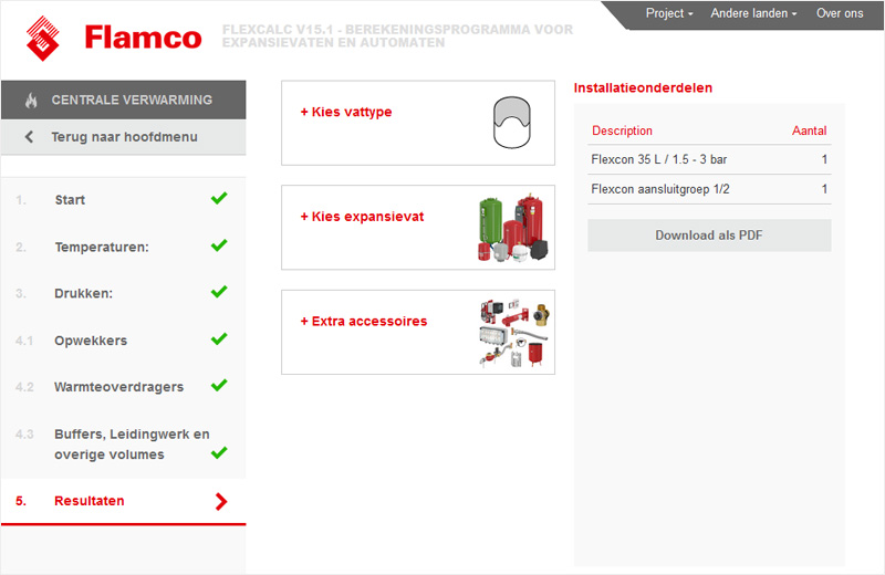 Op basis van ingevoerde gegevens berekent de tool de juiste configuratie van het expansiesysteem en worden de benodigde producten en accessoires getoond met de mogelijkheid om deze direct te bestellen. Ook kan de gebruiker een uitgebreide pdf downloaden met daarin alle informatie waaronder de installatiegegevens, berekeningsresultaten en geselecteerde producten met alle bijbehorende informatie.
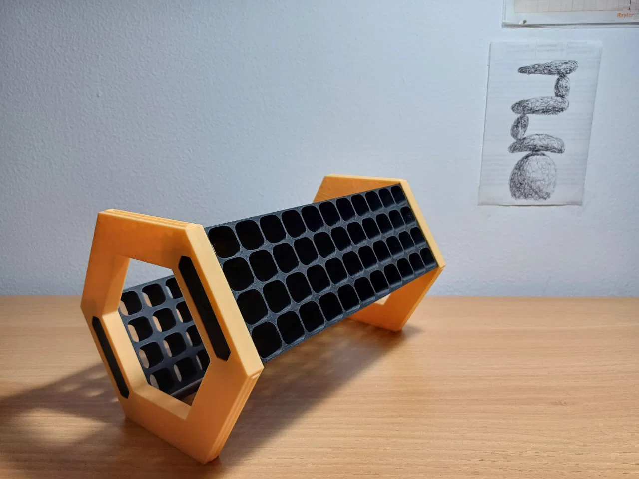 Mẫu thiết kế khay để bàn tiện lợi với 44 ngăn cắm bút, sở hữu phần hông hình lục giác độc đáo giúp góc làm việc của bạn trở nên gọn gàng và ngăn nắp hơn. File thiết kế tối ưu, dễ dàng in ấn bằng máy in 3D với cấu trúc bền bỉ.
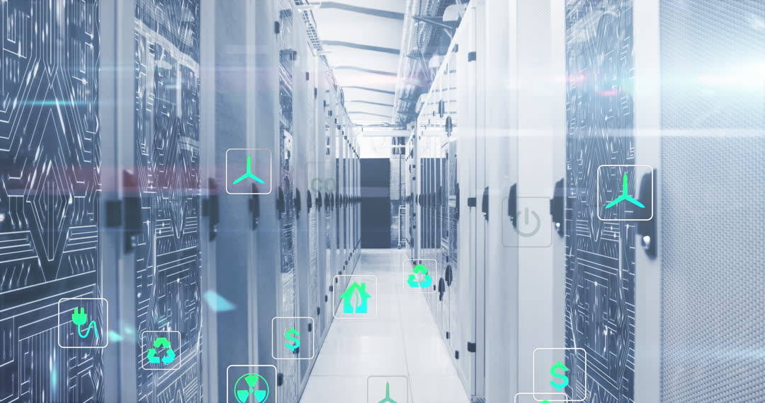 Digital data center features server racks with futuristic technology icons representing concepts like power, recycling, and environmental sustainability. Suitable for illustrating modern data systems, IT infrastructure advancements, and energy-efficient technology solutions.
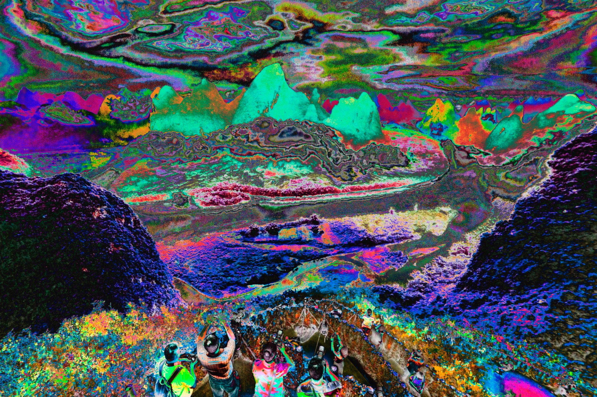 然後我們看到官宏滔利用數碼後製過程創作的「面目全非」的「山水」圖像,其藝術「意象」;寓「意」之「象」,是藝術家審美理想和審美意藴追求的體現,是主觀與客觀的統一,是用來寄託主觀意識的客觀物象。他的「非」觀,是一種後現代的主觀反叛,而非虛無主義中的否定客觀存在的所有可能性。加上其具有虛擬性的特徵,指意象所具有的非現實性。意象既可以用想象和虛構來表現現實中沒有的東西,也可以用非現實的形態表現現實中已有的東西。官宏滔的虛擬「山水」攝影,並非虛構,而是基於其數碼本質的延伸。他說:「我們習慣的顏色只是人眼和大腦處理出來的,而現實可以有無限種可能性。而數碼攝影的本質就是數據捕捉。」
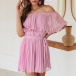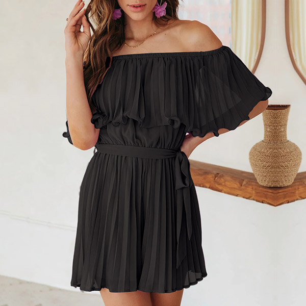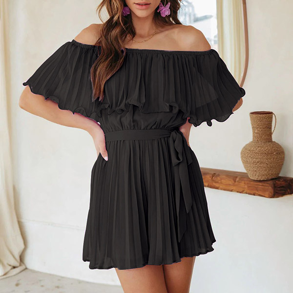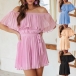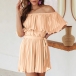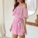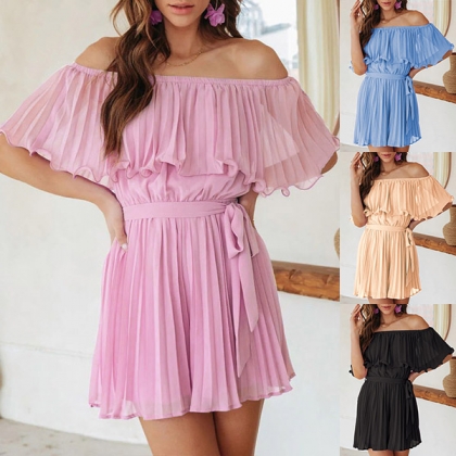Sexy Solid Color Ruffled Off-the-shoulder Self-tie Romper
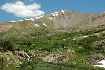 The mountain sits along the Continental Divide, offering views of Peru Creek while integrating former mining roads into the present-day Continental Divide Trail.
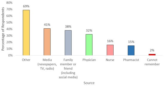 When asked about the terminology, the students recognized the terms related to antibiotic resistance (89%, n = 116), drug resistance (78%, n = 102), antibiotic-resistant bacteria (72%, n = 94), and antimicrobial resistance (52%, n = 67). However, the acronym AMR (25%, n = 33) which stands for “antimicrobial resistance” and superbugs (25%, n = 33) were not well-known among the students. The most common source of the terminology was media (41%, n = 53), followed by a family member or friend, including social media (38%, n = 49), physician (32%, n = 41), nurse (16%, n = 21), pharmacist (15%, n = 19); other sources include pre-university and university lectures and secondary schools (69%, n = 90) (Figure 2).
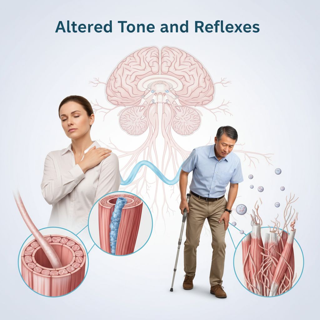 Alterações de tônus e reflexo referem-se a condições como espasticidade, onde os músculos ficam excessivamente tensos, ou hipotonia, caracterizada pela flacidez muscular, ambas resultantes de problemas neurológicos. Essas condições afetam a capacidade de controlar os movimentos e podem ter um impacto significativo na saúde geral e na qualidade de vida.
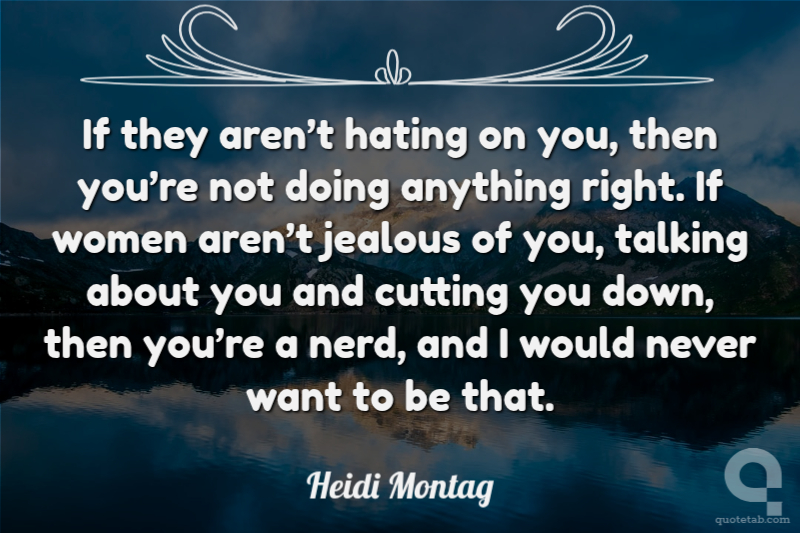 If they aren’t hating on you, then you’re not doing anything right. If women aren’t jealous of you, talking about you and cutting you down, then you’re a nerd, and I would never want to be that.
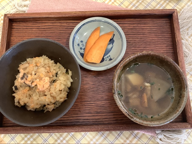 かつお節、昆布で出汁をとり、大根、人参、里芋、蒸し煮したごぼう、薄揚げ、小ネギ、一真の鶏肉が入りました。野菜たっぷり、鶏肉の旨みも入り、美味しい田舎汁の出来上がりです。

**Exercise objective:**
The required output is every line from the beginning of the material above through the line with "Mẫu thiết kế", exact and without pictures.

**Answer below:**
 Op basis van ingevoerde gegevens berekent de tool de juiste configuratie van het expansiesysteem en worden de benodigde producten en accessoires getoond met de mogelijkheid om deze direct te bestellen. Ook kan de gebruiker een uitgebreide pdf downloaden met daarin alle informatie waaronder de installatiegegevens, berekeningsresultaten en geselecteerde producten met alle bijbehorende informatie.
 Mẫu thiết kế khay để bàn tiện lợi với 44 ngăn cắm bút, sở hữu phần hông hình lục giác độc đáo giúp góc làm việc của bạn trở nên gọn gàng và ngăn nắp hơn. File thiết kế tối ưu, dễ dàng in ấn bằng máy in 3D với cấu trúc bền bỉ.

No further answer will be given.